Blast smelting furnaces, the textile industry, automobile exhaust and thermoelectric plants emit particulate matter into the air. These particles are highly harmful to human health, just as they affect wild plants and animals.
Another form of anthropogenic pollution is the noise generated by many human activities. Noise invades both the living quarters and the work environment causing serious hearing and nervous problems.
In addition, excessive and recurring noises cause serious problems in natural environments. This is because they alter animal behavior patterns and even cause the abandonment of natural areas.
The excess heat artificially generated by certain human activities is also a polluting factor. The heating of water due to its use as a refrigerant in certain industrial plants and its return to the environment produces negative effects.
Similarly, the heat generated by blast furnaces is detrimental in work environments even taking the appropriate measures.

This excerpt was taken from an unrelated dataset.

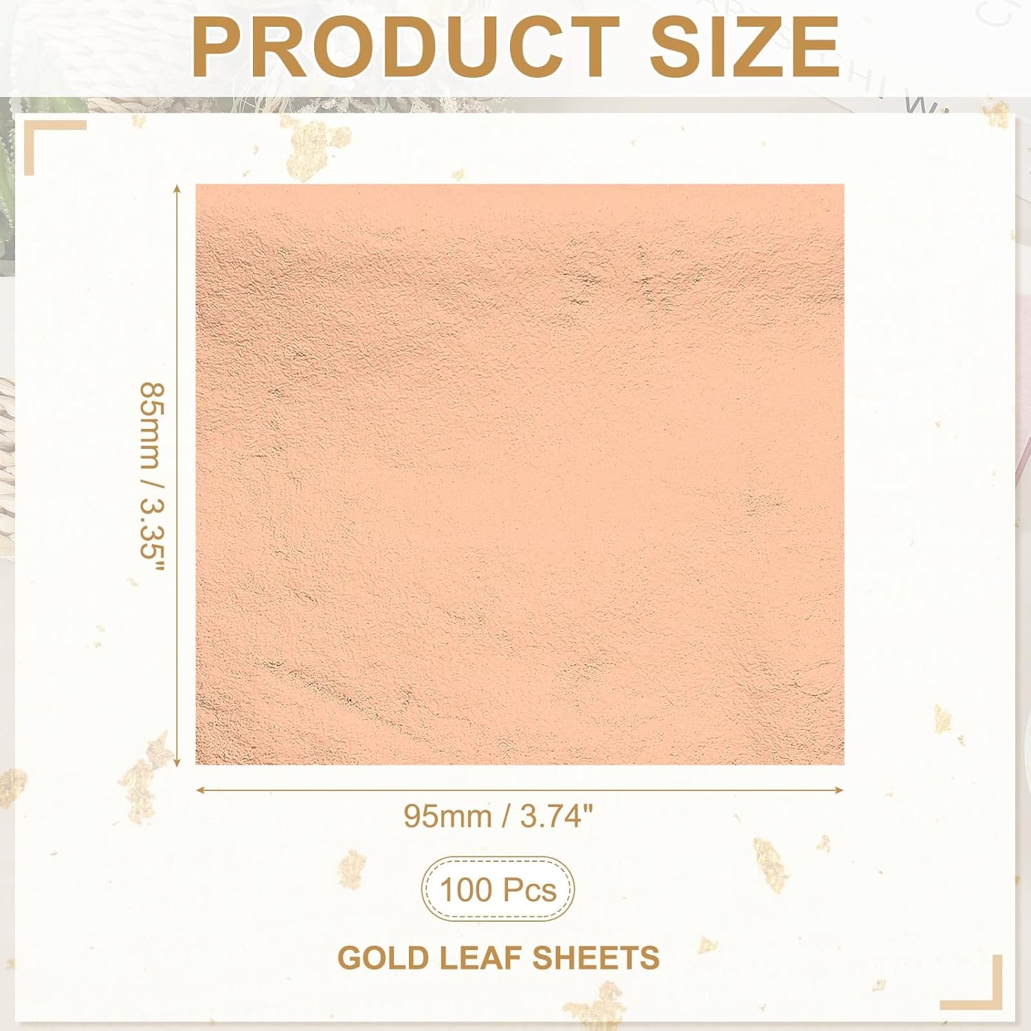 - Color: Rose; Total Size: 95 x 85 mm / 3.74 x 3.35 inch (LxW); Package List: 100 Pcs x Gold Leaf Sheets

Artificial light in natural environments produces alterations in animal behavior because it alters the circadian rhythm or biological clock. This affects the sleep and wake patterns that affect the reproduction and feeding processes.
Although it is a recent field of study with little conclusive information, there is some evidence indicating that electromagnetic waves of low intensity are harmful. For example, electromagnetic waves generated by telecommunication antennas have a proven negative effect on the reproductive behavior of some species of birds.